- _Description of the task_
Ignoring the images, restate the records below word for word.

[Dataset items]
⟨
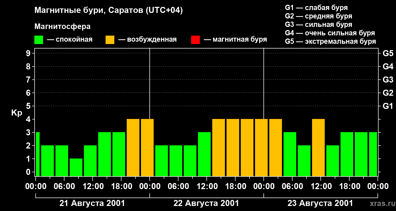 Изменения геомагнитного индекса Kp с 21 по 23 августа 2001 года для средних широт
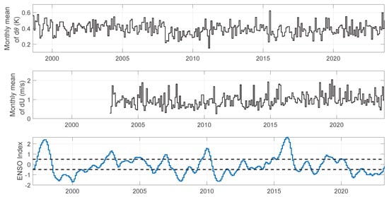 Furthermore, and motivated by the work of [], we analysed the near surface level temperature record to check for possible trends in temperature gradients between the 30 m and 2 m height from the ground level. Similarly, we also analysed the vertical gradient in the horizontal wind speed from wind measurements performed at 30 m and 10 m above ground level. The long-term record for the monthly means of the vertical differences in temperature and horizontal wind speed are shown in Figure 6. Our results show seasonal variability, but, overall, the temperature and horizontal wind speed gradient have remained stable, within their natural variability. For completeness, the gradients are shown together with the ENSO index. This result on the wind speed and temperature gradient expands the exhaustive work on the relation of seeing and wind speed and temperature gradients in the context of climate change from 2009 at the Paranal Observatory []. In that work, the authors analysed the data from 1990 to 1998 and from 1998 to 2008 and concluded that climate change had no significant impact on seeing in this time period. Additionally, and most importantly, they concluded that the Armazones site, now host of the ELT construction, was unaffected both by seeing changes due to climate change or due to EN or LN phases. We expand their findings with complementary data from the decade following their study.
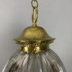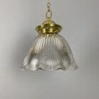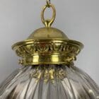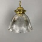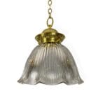 Prismatic Holophane Glass shade with a frilled edge. Fitted with a solid brass Holophane style domed gallery with cut out vent detail around the upper rim.
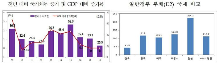 국가채무가 지난해말 기준 651조 8천억원으로 일년새 24조 4천억원가량 늘어난 것으로 나타났다. GDP(국내총생산) 대비 36.6% 수준으로, 2013년 이후 가장 낮은 폭의 증가치다.
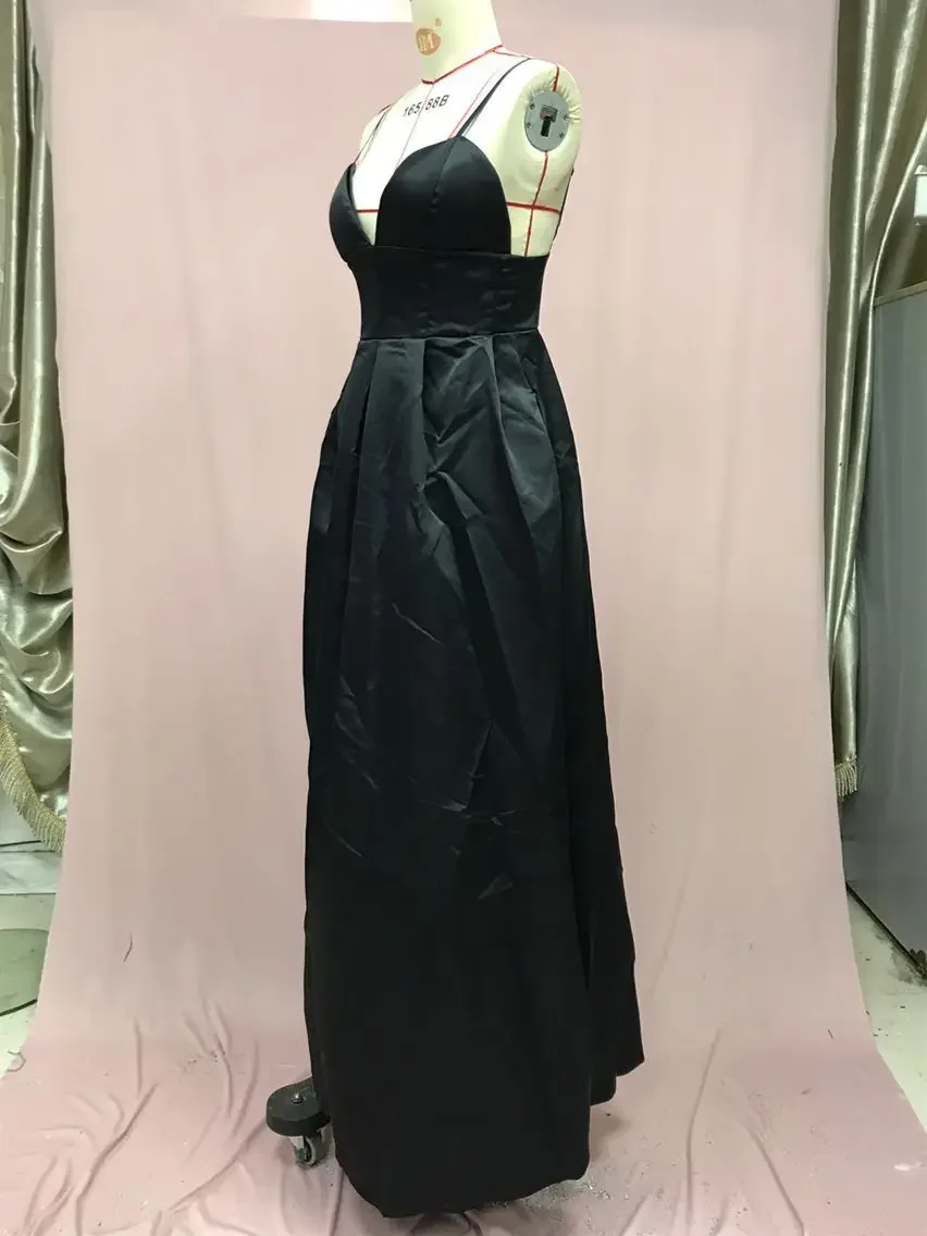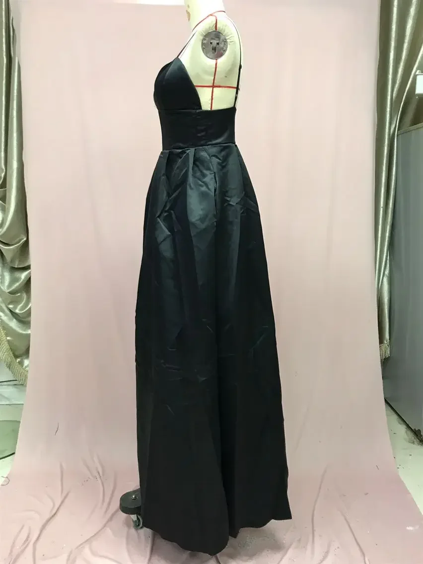 فستان سهرة أنيق بدون أكمام بقصة ضيقة تبرز القوام، بياقة V عميقة وفتحة جانبية جذابة، مثالي لصيف 2024 والمناسبات الراقية والرقصات المسائية.
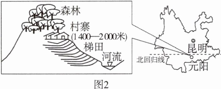 3. 土地是人类的衣食之源、立国之本。图1为我国连片面积较大的梯田分布示意图,图2为云南省元阳梯田。阅读图文材料,完成下列问题。
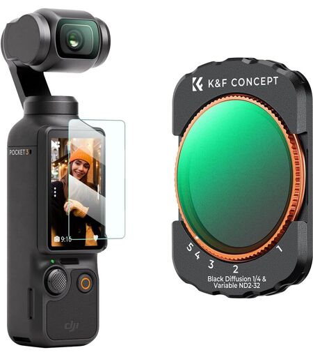 [Compatible with DJI OSMO Pocket 3 Drone]: The filter is a 2 in 1 that combines the function of 1/4 black-mist filter and ND variable nd2-32 filter. The 1/4 black diffusion filter not only reduces reflections and glare, but also smooths the skin, reduces wrinkles and yellow spots on the face. The neutral density filter reduces the amount of light (1-5 f-stops) that reaches the film without altering the colour.[High Quality]: The special effect filter is made of high-end AGC optical glass, with a 28-layer nano-coating that balances colors, reduces unwanted reflections and protects the lens from water, scratches and oils.[ Very Light]: Black pro-mist&nd; variable filter frames/frames are made of aluminium. Lightweight, the filter weight does not disturb the carrycot. It does not cause the drone to be overweight.[ Easy to use]: There is a quick system so the filter is easy to put on and take off. Once in place they do not generate any vibration and they hold very well.[No Glare]: Both sides of the filter glass are used polishing technology to balance the light penetration path and ensure image quality. The filter surface is treated black to minimize reflection and reduce impact on the image.K&F; CONCEPT is the world's No.1 brand in terms of lens filter online sales volume among camera-accessory-focused brands. (K&F; CONCEPT is the #1 brand of photography accessories in terms of sales of lens filters across the entire online network in the world) Source: Euromonitor, 2024 data. ...
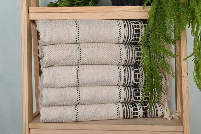 The hand towels are constructed from a blend of organic cotton and linen, ensuring a high degree of absorbency and breathability. Weighing 120 grams and measuring 40x20 inches, these towels exhibit slight variances in size and weight due to their handcrafted nature. Each piece is meticulously woven on a loom, resulting in potential deviations within a range of 1-2.5cm.
⟩
- _Response to the task_
 Изменения геомагнитного индекса Kp с 21 по 23 августа 2001 года для средних широт
 Furthermore, and motivated by the work of [], we analysed the near surface level temperature record to check for possible trends in temperature gradients between the 30 m and 2 m height from the ground level. Similarly, we also analysed the vertical gradient in the horizontal wind speed from wind measurements performed at 30 m and 10 m above ground level. The long-term record for the monthly means of the vertical differences in temperature and horizontal wind speed are shown in Figure 6. Our results show seasonal variability, but, overall, the temperature and horizontal wind speed gradient have remained stable, within their natural variability. For completeness, the gradients are shown together with the ENSO index. This result on the wind speed and temperature gradient expands the exhaustive work on the relation of seeing and wind speed and temperature gradients in the context of climate change from 2009 at the Paranal Observatory []. In that work, the authors analysed the data from 1990 to 1998 and from 1998 to 2008 and concluded that climate change had no significant impact on seeing in this time period. Additionally, and most importantly, they concluded that the Armazones site, now host of the ELT construction, was unaffected both by seeing changes due to climate change or due to EN or LN phases. We expand their findings with complementary data from the decade following their study.
 Prismatic Holophane Glass shade with a frilled edge. Fitted with a solid brass Holophane style domed gallery with cut out vent detail around the upper rim.
 국가채무가 지난해말 기준 651조 8천억원으로 일년새 24조 4천억원가량 늘어난 것으로 나타났다. GDP(국내총생산) 대비 36.6% 수준으로, 2013년 이후 가장 낮은 폭의 증가치다.
 فستان سهرة أنيق بدون أكمام بقصة ضيقة تبرز القوام، بياقة V عميقة وفتحة جانبية جذابة، مثالي لصيف 2024 والمناسبات الراقية والرقصات المسائية.
 3. 土地是人类的衣食之源、立国之本。图1为我国连片面积较大的梯田分布示意图,图2为云南省元阳梯田。阅读图文材料,完成下列问题。
 [Compatible with DJI OSMO Pocket 3 Drone]: The filter is a 2 in 1 that combines the function of 1/4 black-mist filter and ND variable nd2-32 filter. The 1/4 black diffusion filter not only reduces reflections and glare, but also smooths the skin, reduces wrinkles and yellow spots on the face. The neutral density filter reduces the amount of light (1-5 f-stops) that reaches the film without altering the colour.[High Quality]: The special effect filter is made of high-end AGC optical glass, with a 28-layer nano-coating that balances colors, reduces unwanted reflections and protects the lens from water, scratches and oils.[ Very Light]: Black pro-mist&nd; variable filter frames/frames are made of aluminium. Lightweight, the filter weight does not disturb the carrycot. It does not cause the drone to be overweight.[ Easy to use]: There is a quick system so the filter is easy to put on and take off. Once in place they do not generate any vibration and they hold very well.[No Glare]: Both sides of the filter glass are used polishing technology to balance the light penetration path and ensure image quality. The filter surface is treated black to minimize reflection and reduce impact on the image.K&F; CONCEPT is the world's No.1 brand in terms of lens filter online sales volume among camera-accessory-focused brands. (K&F; CONCEPT is the #1 brand of photography accessories in terms of sales of lens filters across the entire online network in the world) Source: Euromonitor, 2024 data. ...
 The hand towels are constructed from a blend of organic cotton and linen, ensuring a high degree of absorbency and breathability. Weighing 120 grams and measuring 40x20 inches, these towels exhibit slight variances in size and weight due to their handcrafted nature. Each piece is meticulously woven on a loom, resulting in potential deviations within a range of 1-2.5cm.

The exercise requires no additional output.